Councillor Dean Petersen sought clarity from council staff about how regional council functions would be funded in an Eastern Bay unitary authority composed of Ōpōtiki, Whakatāne and Kawerau districts, including how the Quayside dividend would be distributed.

“If we could negotiate a per-hectare [share] it would be a fair bit of money for our ratepayers.”

Chief executive Stace Lewer said Peterson had a good point.

“The regional council have a primary role to play in protecting the environment, which includes biosecurity, biodiversity and my understanding of how Quayside is set up is to help provide income to achieve those outcomes.

“The Eastern Bay has a huge geographic area, with a significant amount of biodiversity potential, not only in the whenua but also in the moana.

“Depending on how that dividend is divvied out, either by population or by land area, is going to have a huge impact on funding flowing into those regions.

“If it was based on land area it would be very favourable for us. And rightfully so, because the intent is to protect biodiversity.

“We have a huge opportunity in the east to protect and develop environmental outcomes as a result of that.”

Both Ōpōtiki District Council and the regional council are consulting with the public on options for Simplifying Local Government.

The regional council has provided tables to show the effects of different methods of dividing dividends across three sub-regions – a Western Bay sub-region that included Tauranga city; Rotorua; and Eastern Bay.

Under the status quo the regional council allocates 30 percent of its investment revenue as a fixed benefit based on rating units and 70 percent based on land value. This sees the bulk of the dividend allocated to Western Bay.

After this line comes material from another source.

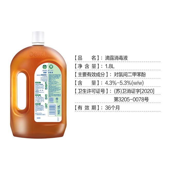 滴露/Dettol 消毒液1.8L*1瓶 家用衣物除菌液衣物消毒液家居室内环境地板消毒衣物除菌剂 如有购买售后咨询可电话联系客服18810326768 兑换价格 3700 里程 会员卡别 终身白金卡 白金卡 金卡 银卡 普通卡 儿童卡 服务 由 旭启清洁纸品专营店 发货并提供售后 清洁剂容量: 其他容量 净含量: 其他容量 购买数量: 件 库存件 配送地址: 立即购买 加入购物车 成功添加到购物车 关闭 购物车共有 种商品 总金额为: 组合销售 产品介绍 产品规格 售后服务 产品咨询 发现好货 超能 西柚祛腥洗洁精1kg*2瓶 家用果蔬清洗剂 1200 里程 滴露/Dettol 滋润倍护洗手液500g*2两瓶装 1900 里程 滴露/Dettol 泡沫抑菌洗手液青柠香型250ml 1300 里程 威露士 洗手液 倍护滋润250ml *2瓶 深入洁净有效抑菌温和滋润清洁双手 1100 里程 超能 洗洁精(白桃苏打)1kg*2瓶 1100 里程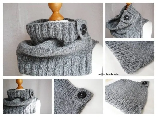 Вяжем стильный шарф-снуд с крупной пуговкой

In the past year, about $36.9 million in investment funding was allocated to the Western Bay sub region.

Rotorua received about $7.4 million and the Eastern Bay about $7.1 million.

If the dividend was distributed by land area $32.3 million would go to the Eastern Bay, $10.2 to Rotorua and $8.9 million to the Western Bay subregion.

However, further figures show that due to the Western Bay sub-region’s high population and property values, rates from the area subsidise much of the regional council’s functions across the entire Bay of Plenty.

Under the current allocation of the dividend, the Eastern Bay ratepayers could face a 58 percent rise in costs for regional services due to loss of rates income from Western Bay.

The regional council also raises concerns about how flood protection assets would be managed when the region is divided into separate unitary councils, stating that the cost of failure would be “severe”.

With five of the region’s six river and drainage schemes located in the Eastern Bay, this could be a significant consideration for an Eastern Bay unitary authority.